=== YOUR OBJECTIVE ===
Exactly as written, output each of the lines below, with no images.

=== Stored entries ===
* * * * * * * * *
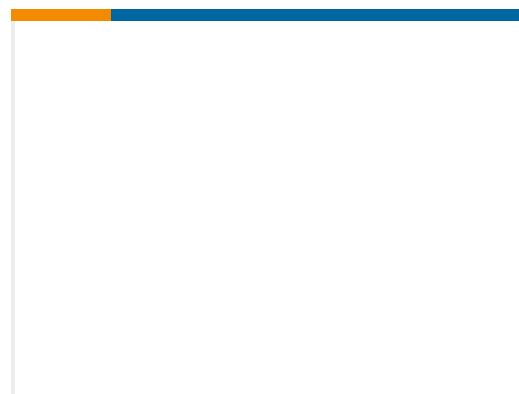
TE Part #374Z-04427 Speed sen DSF 1410.02 AHV L=140
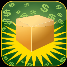
Put Products Before Profits
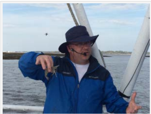
Let's fry him up for dinner!

They actually lowered and raised the net full of interesting creatures a total of three times and each time different creatures appeared. They have even caught small sharks in the net in the past, although we didn't see any on this trip.
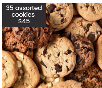
35 assorted cookies $45
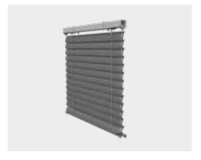
SKY F80 Venetian blind with flat aluminium slats and cable guide. Rail-guided system optional. Max. width 5000 mm Max. height 5000 mm
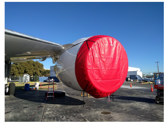
Boeing 787 Intake Cover
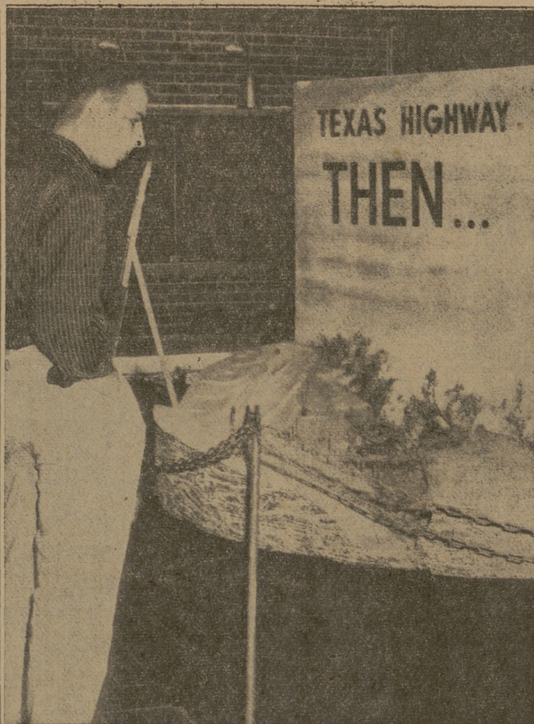
Roads Were Like This?

Might be the question this Ag is asking himself as he appraised Texas Highway Department's exhibit in the lobby of the Memorial Student Center this week. The exhibit shows Texas highways—then and now.
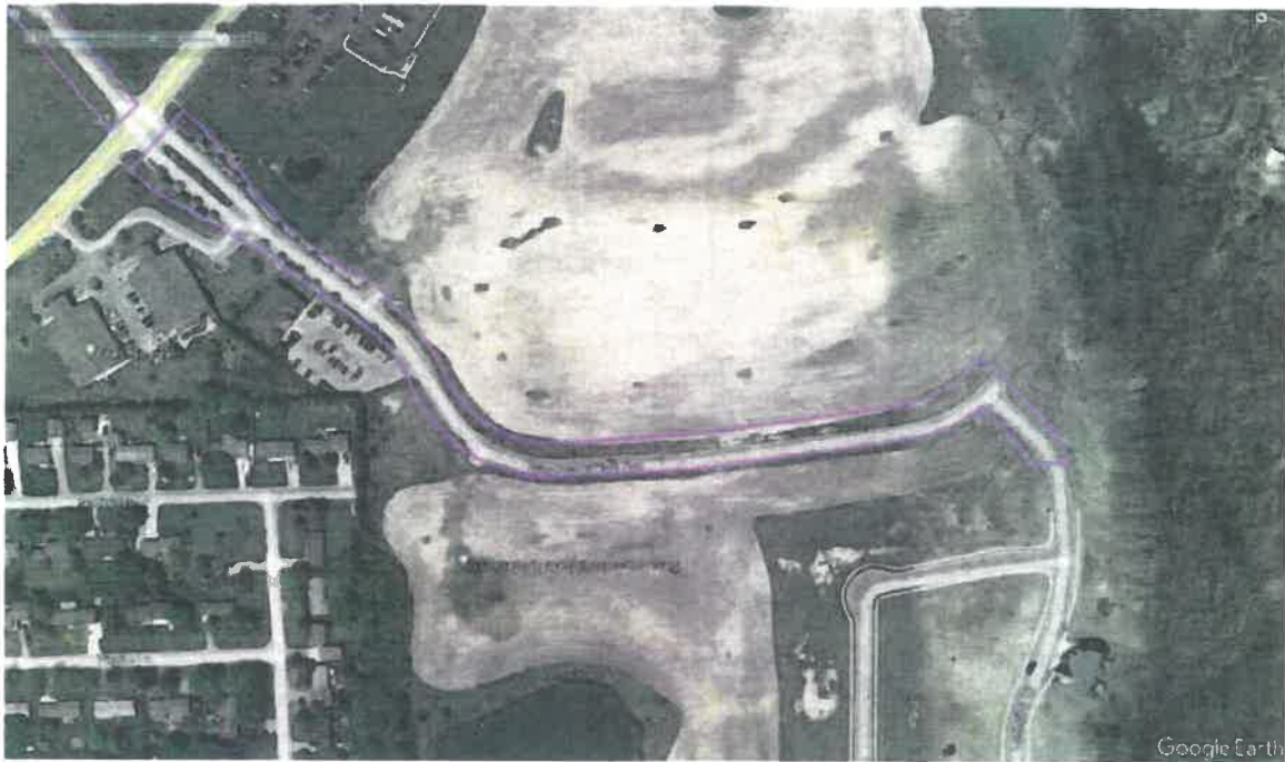
Figure 1 – Google Earth image from March 2019, pre-development. Land on north and south side of Woodbridge Park Blvd is farm land. City of Lapeer subdivisions to the south have not been developed to full build-out.
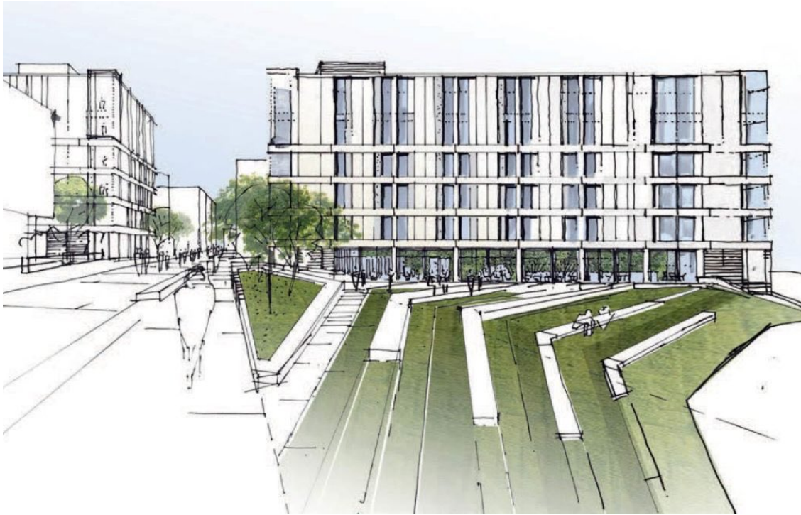
UWE STUDENT RESIDENCES
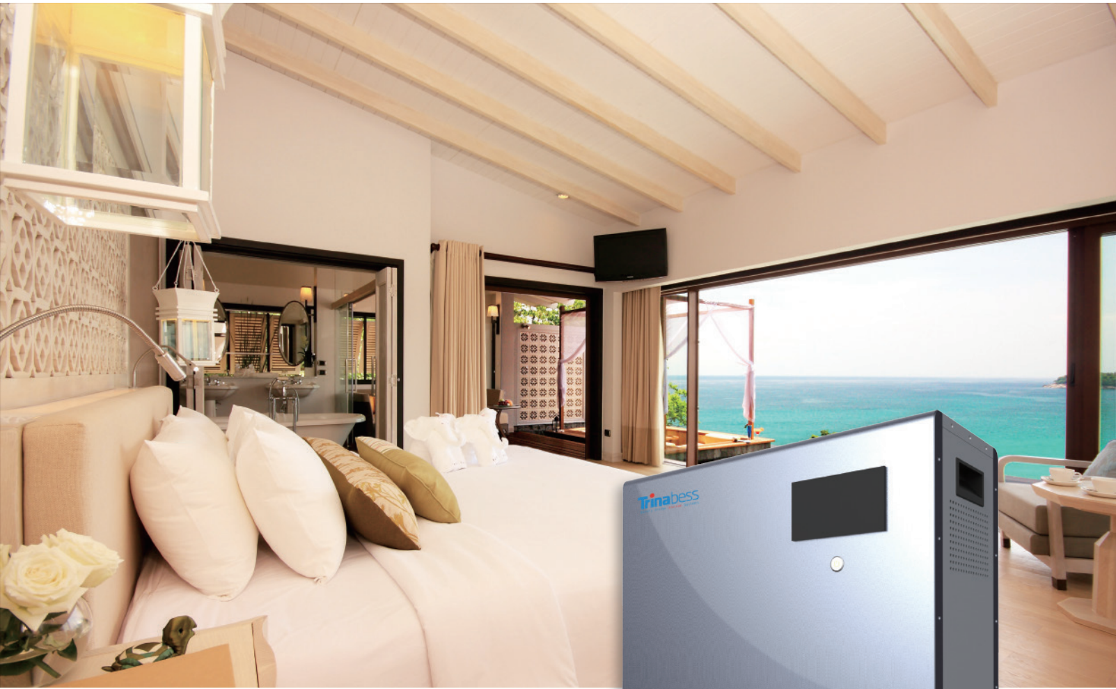
The all-in-one energy storage solution for off grid application
* * * * * * * * *
=== ANSWER TO THE PROBLEM ===
TE Part #374Z-04427 Speed sen DSF 1410.02 AHV L=140
Put Products Before Profits
Let's fry him up for dinner!

They actually lowered and raised the net full of interesting creatures a total of three times and each time different creatures appeared. They have even caught small sharks in the net in the past, although we didn't see any on this trip.
35 assorted cookies $45
SKY F80 Venetian blind with flat aluminium slats and cable guide. Rail-guided system optional. Max. width 5000 mm Max. height 5000 mm
Boeing 787 Intake Cover
Roads Were Like This?

Might be the question this Ag is asking himself as he appraised Texas Highway Department's exhibit in the lobby of the Memorial Student Center this week. The exhibit shows Texas highways—then and now.
Figure 1 – Google Earth image from March 2019, pre-development. Land on north and south side of Woodbridge Park Blvd is farm land. City of Lapeer subdivisions to the south have not been developed to full build-out.
UWE STUDENT RESIDENCES
The all-in-one energy storage solution for off grid application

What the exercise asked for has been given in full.